Kejadian sore itu kembali terngiang di kepalanya membuat rasa nyeri itu semakin menjadi. Ia meringis pelan merasakan kepalanya yang berdenyut.

Gadis itu tidak bisa melalukan apapun selama beberapa menit sebelum akhirnya pintu ruangan terbuka.
_______________________

Sajidah berniat pergi ke toko kue, tetapi saat di perjalanan, tiba-tiba ia teringat dengan Fatim. Entah kenapa rasa ingin melihat Fatim seperti menggebu-gebu. Padahal kemarin sore dirinya baru saja menjenguk Fatim.
Gadis bertubuh tinggi itu melihat jam yang melekat di pergelangan tangan kanan nya.

Jam 10.05

Pas sekali jam jenguk ruang ICU. Sajidah langsung memutar balik arah, dan segera menuju rumah sakit.

"We will where to go, kak Jidah?" Qahtan menatap bingung sang kakak yang memutar balik arah jalan nya.

"We will go to hospital, kak Jidah want look kak Fatim" sahut Jidah yang tetap fokus pada jalanan.

Qahtan mengangguk mengerti.

***

"You wait me here, okay? Don't go everywhere" Ujar Jidah pada Qahtan yang sudah duduk di ayunan taman rumah sakit.

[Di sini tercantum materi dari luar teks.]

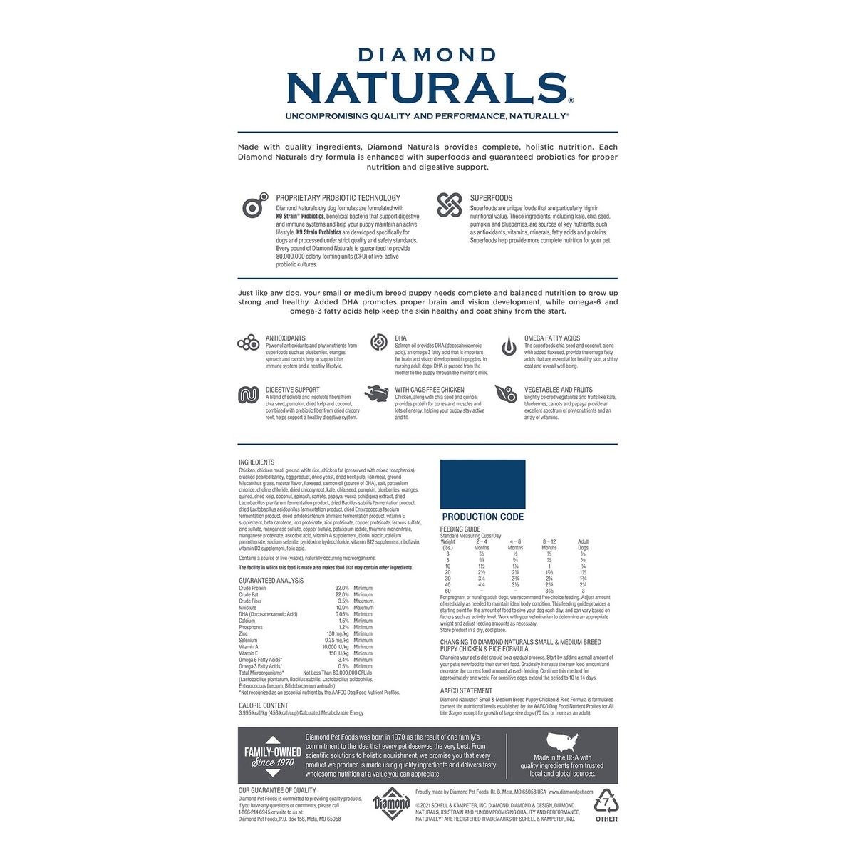 Diamond Naturals uses the highest quality ingredients and manufactured in America in state-of-the-art facilities. This formula uses some ingredients that are not USA sourced, like flaxseed and barley, both which originate in Canada and dried chicory root from Belgium. There are ingredients such as folic acid and taurine that can only be sourced out of China.

Anak dibawah usia 10 tahun tidak di perbolehkan memasuki area rumah sakit.
Jadi Qahtan harus menunggu Sajidah di taman, yang ada di bagian depan rumah sakit.

"Okay. Don't long" balas si bungsu.

Jidah mengangguk dan tersenyum. Kemudian ia segera melangkah cepat ke ruang ICU. Firasat yang begitu kuat membuat Sajidah khawatir akan terjadi sesuatu pada adiknya.









Gadis berjilbab Tosca itu membuka pintu ruang ICU perlahan.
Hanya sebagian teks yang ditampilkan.